Odnosząc się do okoliczności związanej z brakiem wydania nieruchomości pracownikom powódki w dniu 9 listopada 2009 r. należy podnieść, iż sami pozwani w piśmie z dnia 25 lutego 2010 r. skierowanym do (...) wprost przyznali, iż sporne grunty nie zostały przejęte przez pracowników tej Agencji, przy czym jako przyczynę tego stanu rzeczy pozwani wskazali zawinione ich zdaniem zachowanie pracowników Agencji polegające na odmowie zabezpieczenia roszczeń pozwanych o nakłady poczynione na grunty (k. 184 – pismo). W tym stanie rzeczy należało uznać, iż odmienne twierdzenia strony pozwanej przedstawione w sprzeciwie od nakazu zapłaty i w apelacji są twierdzeniami niezgodnymi z rzeczywistym stanem rzeczy, złożonymi jedynie na użytek niniejszego procesu, pozostają bowiem w sprzeczności z twierdzeniami strony pozwanej zawartymi w korespondencji przedprocesowej pomiędzy stronami. Za taką oceną przemawiają także dalsze sprzeczności w twierdzeniach strony pozwanej, a mianowicie w uzasadnieniu sprzeciwu od nakazu zapłaty strona pozwana wskazała, iż protokół przekazania nieruchomości został sporządzony w dniu 9 listopada 2009 r., ale odmówili podpisania protokołu w przedmiocie przekazania nieruchomości pracownikom powódki, ponieważ pracownicy ci nie chcieli umieścić w protokole informacji o wykonanych przez pozwanych zasiewach i poniesionych nakładach (k. 41), podczas gdy w apelacji podnieśli, iż protokół przekazania nie został podpisany przez pozwanych dlatego, iż nie został im przedstawiony do podpisu przez pracowników powódki (k. 259). Dodatkowo należy podnieść, iż stronie pozwanej jako dzierżawcy nieruchomości co do zasady nie przysługiwało prawo zatrzymania przedmiotu byłego stosunku prawnego, co wynika wprost z treści przepisu art. 461 § 2 kc. Ponadto, dla wyczerpania toku rozważań, należy zaznaczyć, iż nawet gdyby pozwanemu przysługiwało prawo zatrzymania rzeczy do chwili zaspokojenia roszczenia o zwrot nakładów to nie dawało to stronie pozwanej uprawnienia do nieopłatnego korzystania z cudzej rzeczy (por. wyrok Sądu Najwyższego z dnia 5.09.2003 r., II CKN 444/01, nie publ.).

Jako trafne należy uznać także ustalenie Sądu I instancji, iż strona pozwana korzystała z przedmiotowych nieruchomości po ustaniu umowy dzierżawy.
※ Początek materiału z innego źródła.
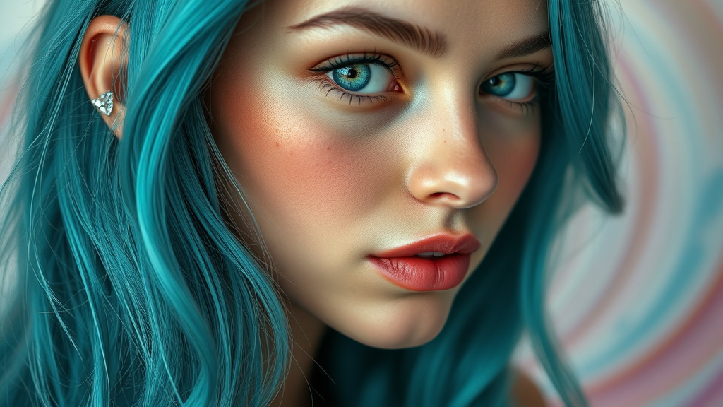 A close-up portrait of a woman with cascading turquoise hair, her eyes a striking shade of emerald green, reflecting a sense of mystery and allure. The soft lighting enhances her flawless skin while subtle freckles dance across her cheeks, adding a touch of playfulness to her serene expression. Wearing a delicate silver ear cuff that glints softly, she embodies a modern, ethereal presence, surrounded by an abstract swirl of pastel colors in the background, suggesting a dreamy atmosphere.

Skoro pozwani nie wydali spornej nieruchomości powódce uzależniając bezpodstawnie dokonanie tej czynności od zabezpieczenia roszczeń pozwanych o zwrot nakładów oraz podnieśli okoliczność dotyczącą poniesienia nakładów (zasiewy i nasadzenia), które bezspornie nadal były umiejscowione na spornych gruntach to oznacza, iż poprzez posiadanie tych gruntów traktowane przez pozwanych jako forma zabezpieczenia roszczeń pozwanych, pozwani – wbrew literalnemu zaprzeczeniu temu faktowi - tym samym z tych gruntów nieodpłatnie korzystali (k. 185 – pismo).

W ocenie Sądu Apelacyjnego Sąd I instancji dokonał zatem trafnych ustaleń faktycznych, co zostało poprzedzone prawidłową oceną dowodów.

Analiza oceny dowodów dokonana przez Sąd Okręgowy prowadzi do wniosku, iż Sąd ten dokonał oceny dowodów zgodnie zasadą swobodnej oceny dowodów określoną w art. 233 § 1 kpc. Zgodnie z przyjętym przez Sąd Najwyższy (wyrok z dnia 10.06.1999 r., II UKN 685/98, OSNAPiUS 2000/17/655) jak również doktrynę stanowiskiem normy swobodnej oceny dowodów wyznaczone są wymogami prawa procesowego, zasadami doświadczenia życiowego i regułami logicznego rozumowania, według których Sąd w sposób bezstronny, racjonalny i wszechstronny rozważa materiał dowodowy jako całość, dokonuje wyboru określonych środków dowodowych i wiążąc ich moc i wiarygodność odnosi je do pozostałego materiału dowodowego. Zdaniem Sądu Apelacyjnego Sąd I instancji tak zakreślonych granic nie przekroczył. W ramach dokonanej przez Sąd pierwszej instancji oceny dowodów Sąd ten nie uchybił zasadom logicznego rozumowania lub też doświadczenia życiowego.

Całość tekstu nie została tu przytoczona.